Nancy wrote: “adopt a child.”
Dylan wrote: “grow up.”

By the time he met Nancy, Dylan had spent half of his life in foster care—and he’d had a few rough spots. He’d lashed out with angry tantrums in his first two homes and he’d been separated from his sisters. He’d tested for ADHD and Oppositional Defiant Disorder, which qualified him for therapeutic foster care.

Dylan found stability with Crystal Pargo in her therapeutic foster home. He knew she wasn’t going to adopt, but he grew to love her dearly in their two years together, joining holidays and vacations with her extended family and bonding with her granddaughter, who also lived in the home.

He still loved his parents and he’d been allowed unsupervised visits to see them—but he couldn’t go home for good unless they met their reunification goals. Nor could he be adopted unless his parents relinquished (or a judge terminated) their rights to him.

Dylan had started to build a bond with Nancy through their respite visits when the waiting ended in June 2013. His father had gone to jail and his mother wasn’t able to keep a home on her own, so they decided to end their rights to Dylan and his older sisters. For the girls, that meant adoption by extended family members. For Dylan, that meant leaving Crystal for a family wanting to adopt.

Nancy was first in line.

On a Saturday in August 2013, Dylan moved into Nancy’s home, and 14 months later, his adoption was finalized. Nancy had her wish—but it had not come easily.

Dylan wrestled with anger and feelings of rejection by his biological family. A younger sister, born while he was in foster care, moved into Nancy’s home at the same time he did. He was jealous that she got to make home visits to see their biological mother. He did not. Eventually she went back to live with their mother.
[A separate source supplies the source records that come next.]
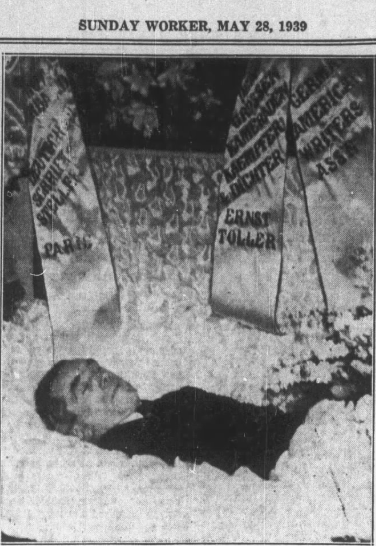 What people did remember of Toller’s demise was the bad vibrations surrounding his suicide and funeral. It was a week that elicited a spasm of rage, guilt, anger, grief, and despair in left-wing politics around the world. This was especially true in New York City, where German political emigres already were starting to forge their new lives in a strange metropolis. Toller's death was a topic better avoided altogether than recalled in any way.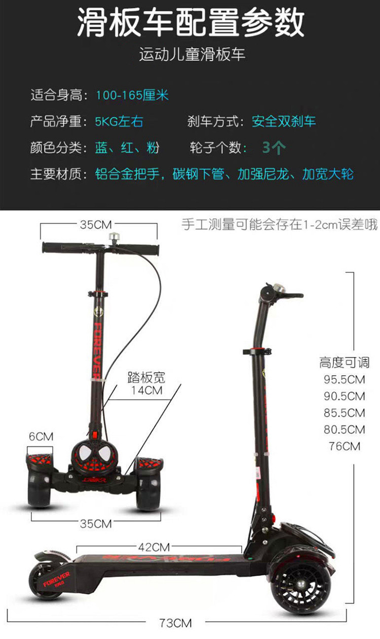 儿童4-8-12-18岁中大童男女孩滑滑踏板音乐灯光溜溜车大号滑板车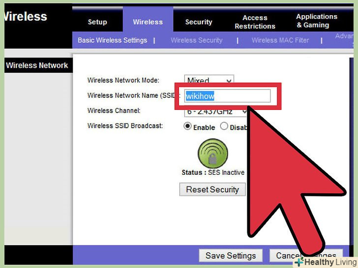 Змініть ім'я бездротової мережі.перейдіть на вкладку " Wireless "(Бездротова мережа), а потім натисніть «Basic Wireless Settings» (Основні налаштування бездротової мережі). У меню «Configuration View» (Кофігурація) виберіть «Manual» (вручну). В поле «Wireless Network Name (SSID)» (ім'я бездротової мережі) введіть ім'я для бездротової мережі. Натисніть " Save Settings "(зберегти налаштування).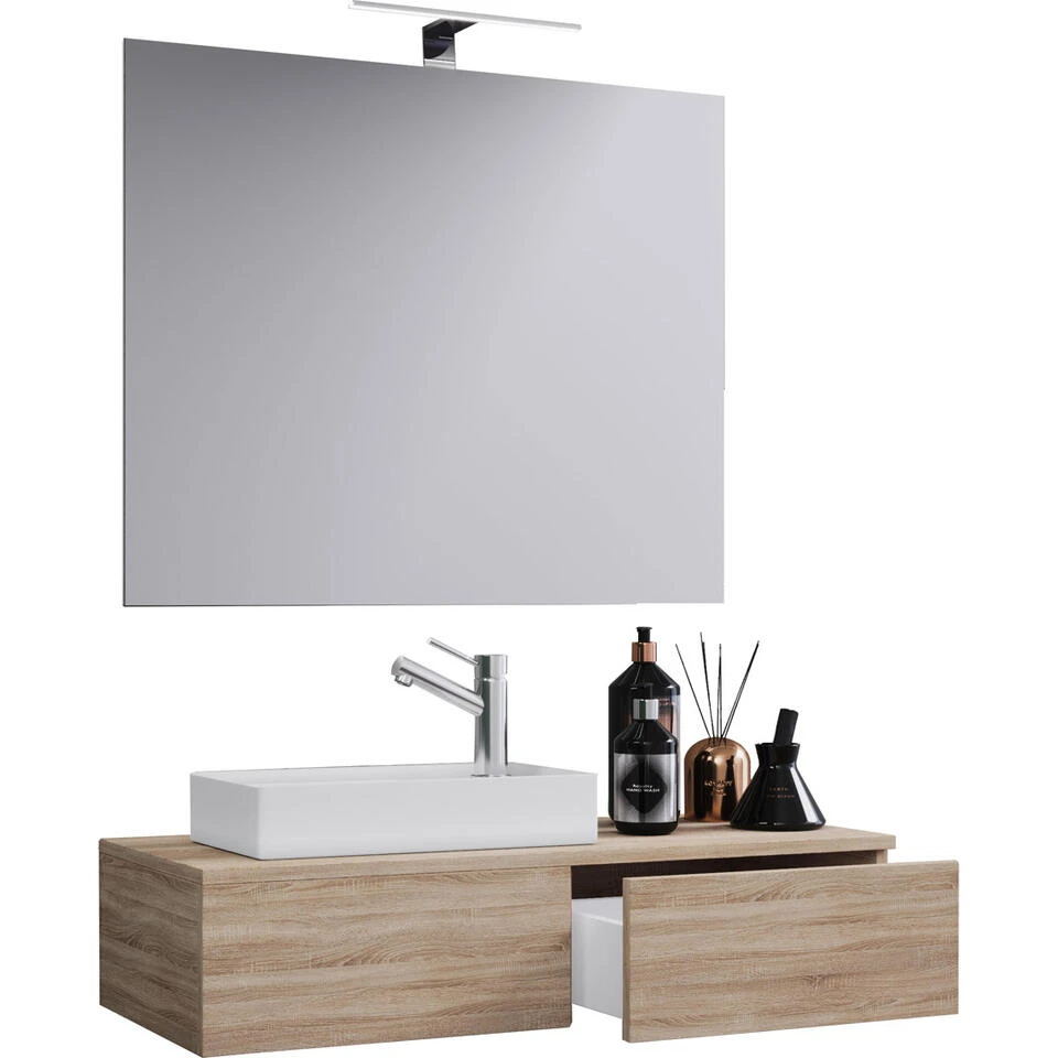 Gudas badkamer spiegel zonder verlichting, Sonoma eiken decor. 1 badmeubel met wastafel zonder kraan, 1 lade, 1 spiegel. Binnen: 1 lade. Spiegel: 59×80. Je ontvangt meubels van een goede kwaliteit met een aangenaam comfort, gemaakt in een stijlvol en mooi design. Onze meubels zijn zeer aantrekkelijk geprijsd. Creëer uw eigen persoonlijke stijl met een nieuw meubel. Combineer met kleinmeubels of een paar mooie woonaccessoires. Hier verkrijg je de nieuwe woningtrends, zoals je ze in tijdschriften en magazines ziet. Bij ons vindt u unieke, praktische en comfortabele meubels met elk zijn eigen, mooi en apart design.
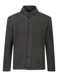 textured button cardigan Highlights - Dark gray - Waffle knit - Button front - High neck - Long sleeves - Goggle pocket Imported Composition Cotton 100% Washing instructions Read Manufacturer Guidelines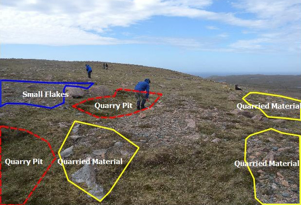 On the ground today quarry sites are typically identified by pits,representing the absences of an in situ dyke, which are surrounded by large amounts of broken and worked stone. At these sites there is evidence for different stages in the procurement and production sequence, including removal of "intact rock"(McGreevy and Whalley 1985, 338), removal of workable material from larger stones and the initial roughing out and deposition of broken attempts. From 2009 to 2012 small scale reconnaissance surveys were conducted in order to identify key sites in the North Roe area (Ballin 2011a; Ballin 2011b). One such site, known as Grut Wells (See Figure 3), has a series of quarries along the course of a single dyke with associated material scatterand was the focus of an intensive field survey in 2013. Running north/south along the dyke, the quarries are situated near the top of an east facing slope (See Figure 4) with large pieces of apparently worked stone scattered downslope to the east. To the west of the dyke, on a flatter part of the hill there are large amounts of small, finer worked flakes, possibly the remnants of individual knapping episodes. However, as the teams began the field survey, this once clear impression began to blur.

He did not.

He will struggle with the terms of his early childhood for years to come—no matter how much he loves Nancy and accepts her as his mom, says MHC Foster Care Specialist Cheryl Warren. How do you explain to a child that his biological mother relinquished rights to him—but not to her youngest? That she got her act together for a sibling—but not for him?
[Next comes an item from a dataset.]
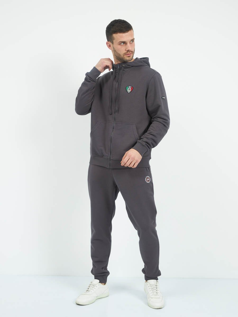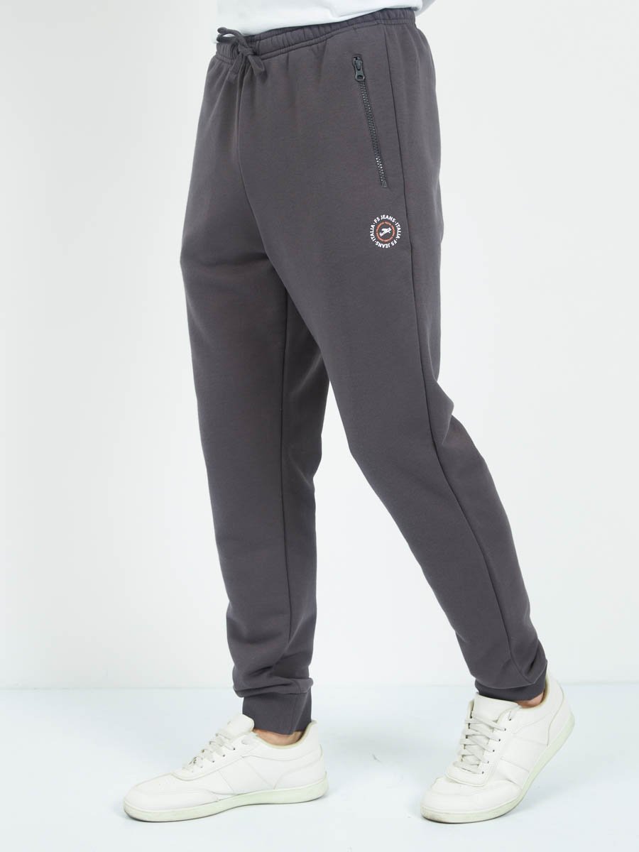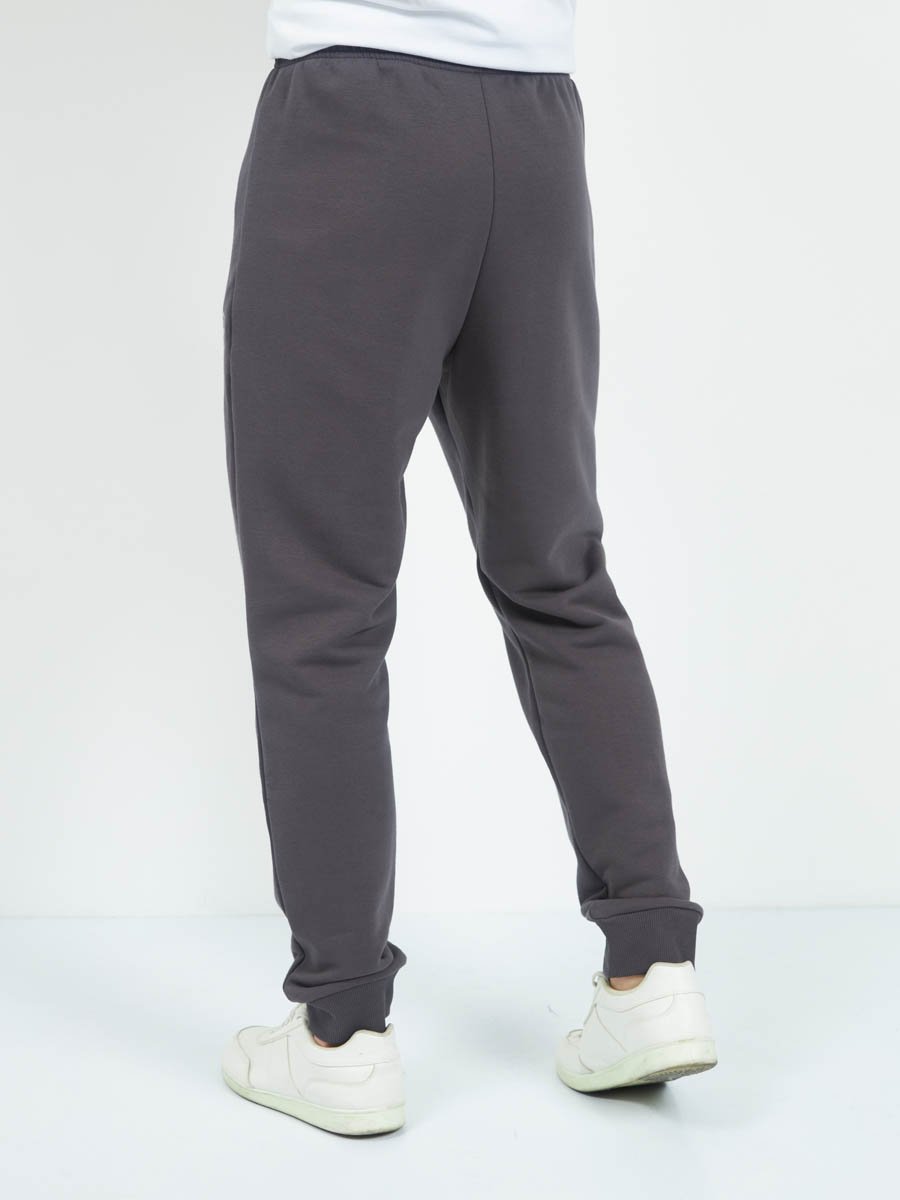 Классические трикотажные мужские брюки из хлопкового полотна с добавлением полиэстера. Спереди вместительные карманы на молнии. По низу штанин эластичные манжеты. Широкий пояс на резинке. В поясе шнур.

Therapy and psychiatric counseling have helped, and Nancy keeps the family ties that are important to Dylan. They stay in touch with weekend visits to Crystal’s house, and Dylan gets to spend occasional Saturdays with his sisters and great-aunt. Taekwondo lessons have been a saving grace, Nancy says, with their emphasis on respect for parents and keeping your room clean. “The taekwondo place is his safe haven,” she says. “The masters are kind and confident people, and he’s moving the whole time so it’s something he enjoys.”

Nancy is determined to see Dylan through his pain and help him become the happy and fulfilled person God meant him to be: “I really look forward to watching him grow and seeing what his talents are—and helping him develop his gifts.”
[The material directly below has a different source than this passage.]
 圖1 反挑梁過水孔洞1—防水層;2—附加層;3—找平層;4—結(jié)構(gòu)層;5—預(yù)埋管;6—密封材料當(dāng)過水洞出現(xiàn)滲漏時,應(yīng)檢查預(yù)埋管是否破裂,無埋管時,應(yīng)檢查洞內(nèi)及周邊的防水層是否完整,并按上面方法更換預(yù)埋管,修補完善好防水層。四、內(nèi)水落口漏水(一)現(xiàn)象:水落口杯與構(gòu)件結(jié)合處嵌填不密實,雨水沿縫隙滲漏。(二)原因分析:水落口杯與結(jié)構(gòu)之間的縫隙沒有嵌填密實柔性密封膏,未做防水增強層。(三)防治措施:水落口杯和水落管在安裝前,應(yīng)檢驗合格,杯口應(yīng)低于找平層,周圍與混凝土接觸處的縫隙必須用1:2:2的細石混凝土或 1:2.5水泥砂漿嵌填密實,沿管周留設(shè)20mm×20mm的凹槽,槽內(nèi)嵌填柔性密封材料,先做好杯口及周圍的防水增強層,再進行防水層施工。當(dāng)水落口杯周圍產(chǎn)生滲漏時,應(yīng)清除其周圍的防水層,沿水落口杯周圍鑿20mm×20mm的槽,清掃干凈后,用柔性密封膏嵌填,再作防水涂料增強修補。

Trust and courage have brought the two of them this far. They’re in evidence on the day that Nancy helps Dylan learn to ride a bike—and they’ll sustain this family in the years ahead.

When Nancy bought the home they live in, she says she was captivated by its peaceful view. The soft cushion of needles from the large old pines will bode well for Dylan as he learns to ride his bike.

On this afternoon with his mom, Dylan builds up speed and stays upright for quick bursts through the yard. He topples to the side when he feels like he’s losing control. And Nancy is there to watch—and to pick him up each time and dust him off.